Gert Jan Geling: ‘Het is altijd koffiedik kijken, maar we hebben hier in het boek natuurlijk wel op gereflecteerd. Sommige auteurs zijn best tevreden over hoe het tot nu toe gegaan is. Anderen zeggen dat dit nu eenmaal ontwikkelingen zijn die horen bij een stevig maatschappelijk debat, zoals we dat ook met betrekking tot het christendom heel lang gevoerd hebben. 

‘Ik ben van nature een optimist. Karl Popper zei ooit, ‘optimism is a moral duty’. Ik denk dan ook dat het uiteindelijk wel goed komt met het Nederlandse islamdebat. Maar op dit moment concludeer ik dat het lang niet altijd een productief debat is geweest. En dat is iets wat we ook in het proces van ons boek hebben ondervonden. Het is toch heel erg gepolariseerd, mensen zitten vooral in hun eigen bubbel, vanuit hun eigen school geeft men over de heg af op de ander. 

‘Mensen luisteren niet echt naar elkaar, zijn niet bereid het gesprek aan te gaan. Dat is een van de mankementen van het islamdebat in Nederland, en eigenlijk is dat al twintig jaar het geval. Er zijn veel mensen die nog steeds niet tot een vergelijk kunnen komen. Sterker nog, je zou soms kunnen zeggen dat mensen zo vast in dat debat zitten, dat het lastig wordt om nog een echt constructief debat te beginnen.’ 
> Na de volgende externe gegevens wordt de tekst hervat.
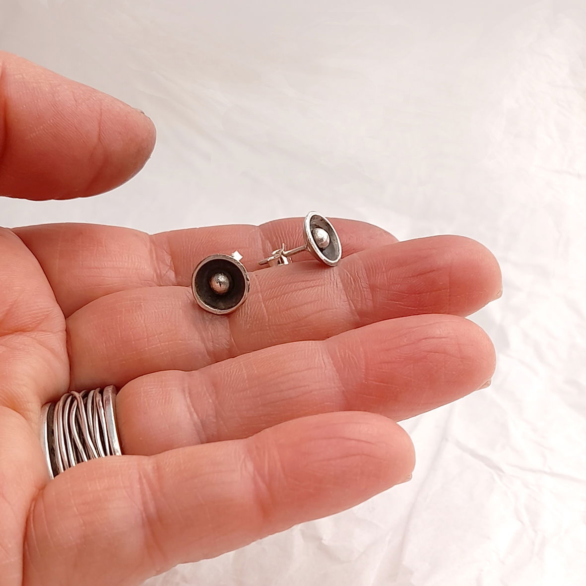 Estos aros pertenecen a la colección "Intuición", donde trabajé las formas circulares como motor, como punto de partida. Pensando en la naturaleza, donde todo es circular, el crecimiento de las plantas, el movimiento de los planetas, las ondas en el agua.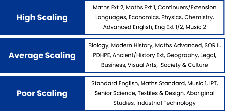 While scaling should not be the only factor in choosing your subjects, it’s helpful to understand how different courses tend to scale. High scaling subjects will generally push your marks up, but you need to be achieving at least 70/75 for scaling to be of benefit.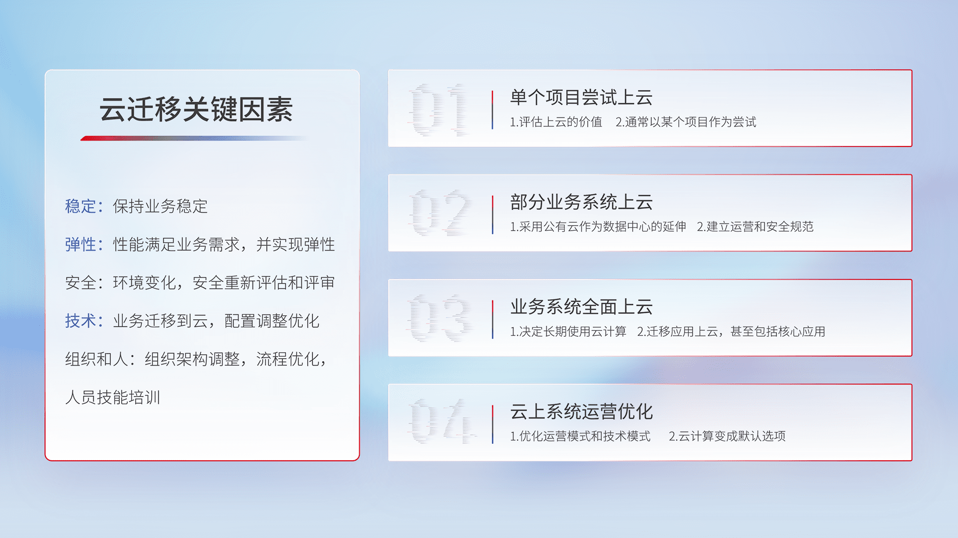 结合实际业务,,,从规划设计、、、云平台选型、、云原生改造、、、、数据迁移、、集成交付,,迁移全过程为客户识别最佳上云路径,,,,做好风险识别管理,,设计网络架构、、、、身份权限、、、、安全审计合规、、、操作审计、、、日志审计、、、、监控告警策略、、多站点容灾设计等,,,对云上基础设施进行整体规划,,提升IT治理水平,,,,以满足弹性、、、、高可用、、、、高性能的需求。。。。

Dat klinkt toch niet erg hoopvol. Je zei net dat je hoopt dat het uiteindelijk wel goed komt. Zie je ook ontwikkelingen die jouw hoop onderbouwen? 

Gert Jan Geling: ‘We hebben in Nederland altijd een compromiscultuur gehad. We lossen problemen in alle redelijkheid op. Natuurlijk hebben we nu te maken met bepaalde ontwikkelingen rondom de moslims in de samenleving en de inpassing van de islam. Dat zijn ontwikkelingen die tijd nodig hebben. 
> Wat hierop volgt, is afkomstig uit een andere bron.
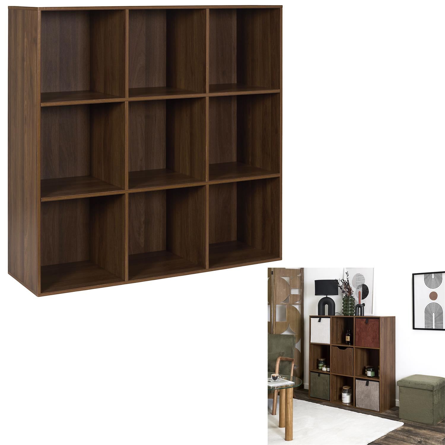 Korpus regału wykonano z wytrzymałej płyty, pokrytej okleiną w kolorze ciemnego orzecha. Taka konstrukcja zapewnia dobrą stabilność przy stosunkowo niewielkiej wadze całkowitej 22,8 kg, dzięki czemu bez trudu przeniesiesz mebel podczas przemeblowania. Półmatowe wykończenie ułatwia utrzymanie regału w czystości – kurz nie jest mocno widoczny, a powierzchnię wystarczy przetrzeć miękką ściereczką.

‘Die ontwikkeling wordt ook nog bemoeilijkt door een aantal zaken zoals het internationaal terrorisme en de opkomst van het rechts-populisme. Terrorisme gaat in golven, zo weten we vanuit de wetenschap. Populisme zal ook niet het eeuwig leven beschoren zijn. Dus die storende factoren binnen het debat zullen op den duur ook weer afzwakken. Op korte termijn is er nog een hoop te verbeteren, maar op langere termijn denk ik dat we terugkijkend op dit debat verbaasd zullen zijn over de heftigheid ervan, en over de scherpe toon.’

Jan Jaap de Ruiter: ‘Je zou misschien de vraag negatief kunnen stellen: wordt het niks meer met het islamdebat? Want dat zou betekenen dat het debat volledig ontspoort en dat iedereen volledig in zijn eigen hoek blijft zitten. En dat is natuurlijk ook weer niet helemaal waar. 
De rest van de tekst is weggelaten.